Sometimes clients hire me to do an unemployment appeal with the Nevada DETR and also have another claim against their employer, such as wrongful discharge, discrimination, or retaliation. At times, they assume they can use the referee’s findings to support their other case, but Nevada law specifically prohibits this.
The law reads as follows:
Any finding of fact or law, judgment, determination, conclusion or final order made by the Administrator or an Appeal Tribunal, examiner, Board of Review, district court or any other person with the authority to make findings of fact or law . . . is not admissible or binding in any separate or subsequent action or proceeding, between a person and that person’s present or previous employer brought before an arbitrator, court or judge of this State or the United States, regardless of whether the prior action was between the same or related parties or involved the same facts.

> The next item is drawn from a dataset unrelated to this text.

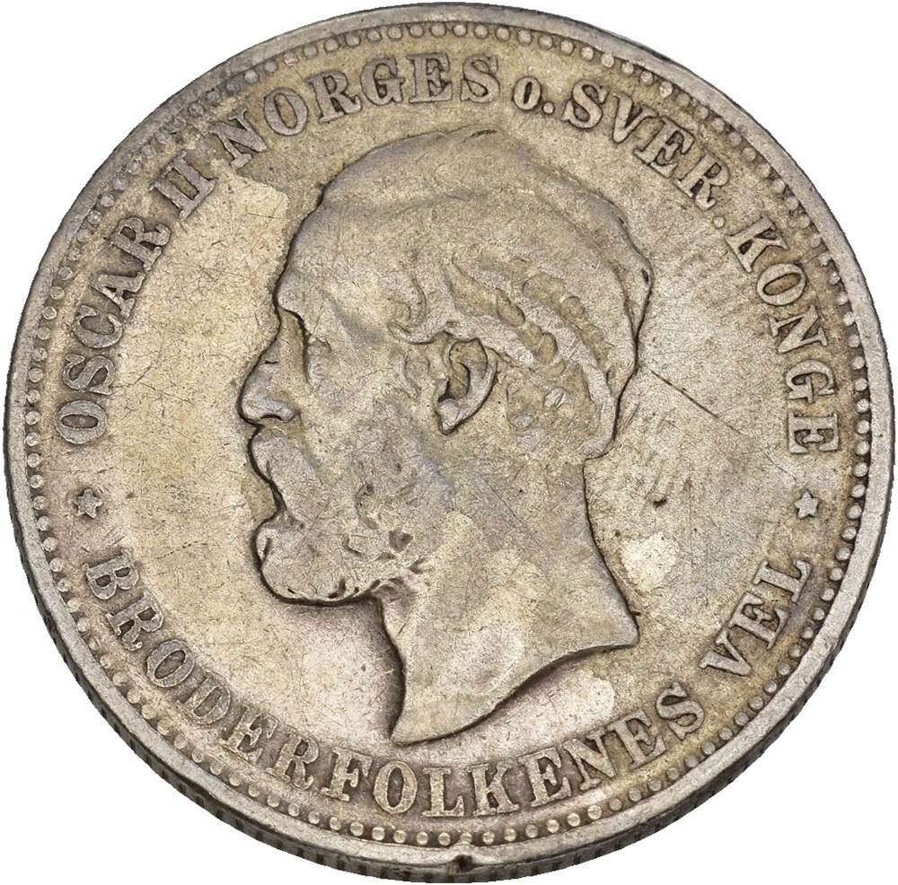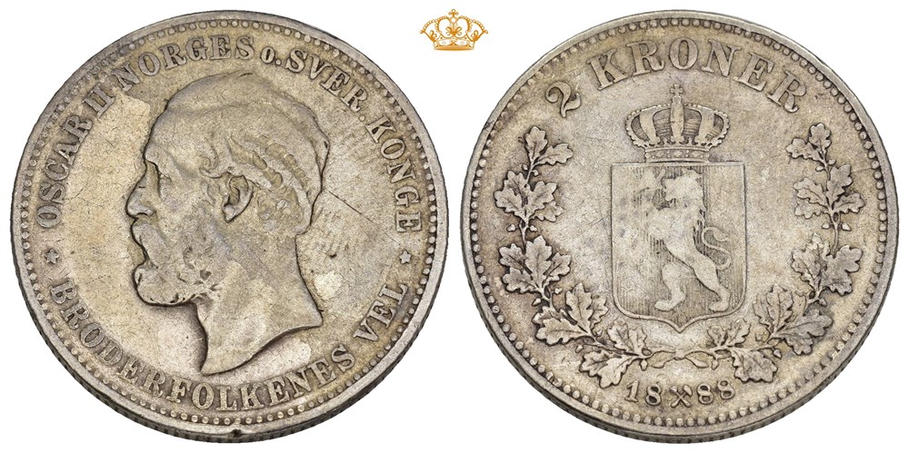 2 kroner 1888. Liten kantskade/minor edge nick. Liten ripe/minor scratch

In other words, any findings or decisions made by an unemployment appeals officer or judge can’t be used to prove liability or fault against an employer in another case. So, for example, if a referee finds that an employee was not terminated for misconduct, a judge in another case can’t rely on that finding; he or she must review the evidence and come to an independent decision based on all the facts available at that time.
When it comes to the evidence itself, a party can try to use evidence submitted during an unemployment appeals hearing to support a claim in another case, but a court shouldn’t accept any conclusions an unemployment appeals officer or judge makes based on that evidence. Again, the judge has to come to a decision independent of the referee’s decision.